A few months later, Don Ricardo Aldaya moved his family into the house in Avenida del Tibidabo, where, two weeks after their arrival, the couple's youngest child, Penelope, was born. To celebrate the occasion, Aldaya renamed the house 'Villa Penelope'. The new name, however, never stuck. The house had its own character and proved immune to the influence of its new owners. The recent arrivals complained about noises and banging on the walls at night, sudden putrid smells and freezing draughts that seemed to roam through the house like wandering sentinels. The mansion was a compendium of mysteries. It had a double basement, with a sort of crypt, as yet unused, on the lower level. On the higher floor, a chapel was dominated by a large polychrome figure of the crucified Christ, which the servants thought looked disturbingly like Rasputin - a very popular character in the press of the time. The books in the library were constantly being mysteriously rearranged, or turned back to front. There was a room on the third floor, a bedroom that was never used because of the unaccountable damp stains that showed up on the walls and seemed to form blurry faces, where fresh flowers would wilt in just a few minutes and where you could always hear the drone of flies, although it was impossible to see them.
The cooks swore that certain items, such as sugar, disappeared from the larder as if by magic and that the milk took on a red hue at every new moon. Occasionally they found dead birds at the doors of some of the rooms, or small rodents. Other times things went missing, especially jewels and buttons from clothes kept in cupboards and drawers. Sometimes the missing objects would mysteriously reappear, months later, in remote corners of the house or buried in the garden. But usually they were never found again. Don Ricardo was of the opinion that these incidents were nothing but pranks and nonsense. In his view a week's fasting would have curbed his family's fears.

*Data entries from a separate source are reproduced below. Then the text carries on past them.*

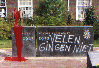 Op 24 april hebben leden van de actiegroep "Hulde aan weigeraars" het Leidse Indië-monument omgedoopt tot dienstweigermonument. Het is daartoe van een nieuw opschrift voorzien: "Velen gingen niet". Sinds geruime tijd ontbreekt een van de 3 soldaatjes op het monument. Zijn afwezigheid staat voortaan symbool voor hen die niet gingen, omdat ze weigerden deel te nemen aan de massale koloniale slachtpartij op meer dan 100.000 Indonesiërs. De twee soldaatjes op het monument die symbool staan voor hen die wel gingen, zijn met bloedrode verf overgoten.
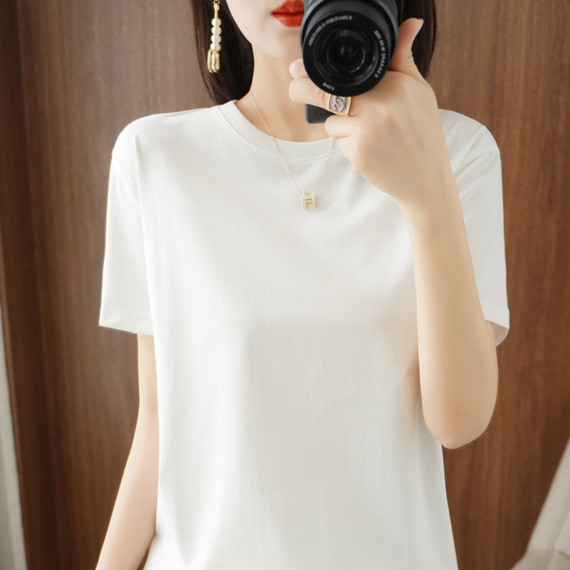 Tiktok kaus leher bulat wanita, Atasan katun pengurang usia, lengan setengah sederhana gaya Korea musim semi baru longgar
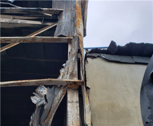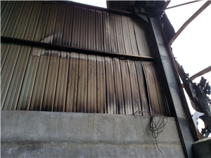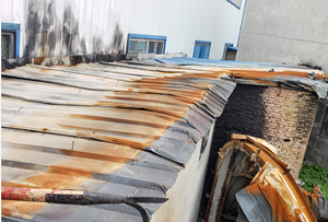 起火單位是陜西某汽車零配件銷售公司,主要經(jīng)營汽車配件,起火建筑為單層鋼結(jié)構(gòu)建筑,建筑面積2000平方米,南北長60米,東西長35米,從中間分隔后分為兩個庫房,其中靠東邊的庫房租賃給湖北十堰某汽車配件公司做庫房,剩余部分自己使用,東北側(cè)為某鈦板加工廠,東南側(cè)為某鈦棒打磨廠,西側(cè)為某鍛熱機械公司(見圖1)。其中陜西某汽車零配件公司和湖北十堰某汽車配件公司兩個庫房全部過火(見圖2)。鈦板加工廠,單層鋼結(jié)構(gòu),建筑面積1400平方米,主要經(jīng)營鈦板的切割,廠房西南角局部過火(見圖3)。某鈦棒打磨廠,單層鋼結(jié)構(gòu)建筑,建筑面積1000平方米,主要經(jīng)營鈦棒打磨,其單位西側(cè)與湖北十堰某汽車配件庫房緊挨的危廢庫房彩鋼板頂部過火(見圖4)。這4家企業(yè)之間僅使用單層鐵皮分隔。位于汽車配件庫房西側(cè)的某鍛熱機械設(shè)備有限公司,單層彩鋼板建筑,面積2800平方米,廠房東側(cè)彩鋼板局部過火。

What he didn't regard so philosophically were the thefts of his dear wife's jewellery. More than five maids were sacked when different items from the lady's jewellery box disappeared, though they all cried their hearts out, swearing they were innocent. Those in the know tended to think there was no mystery involved: the explanation lay in Don Ricardo's regrettable habit of slipping into the bedrooms of the younger maids at midnight for some extramarital fun and games. His reputation in. this field was almost as notorious as his fortune, and there were those who said that at the rate his exploits were taking place, the illegitimate children he left behind would be able to organize their own union.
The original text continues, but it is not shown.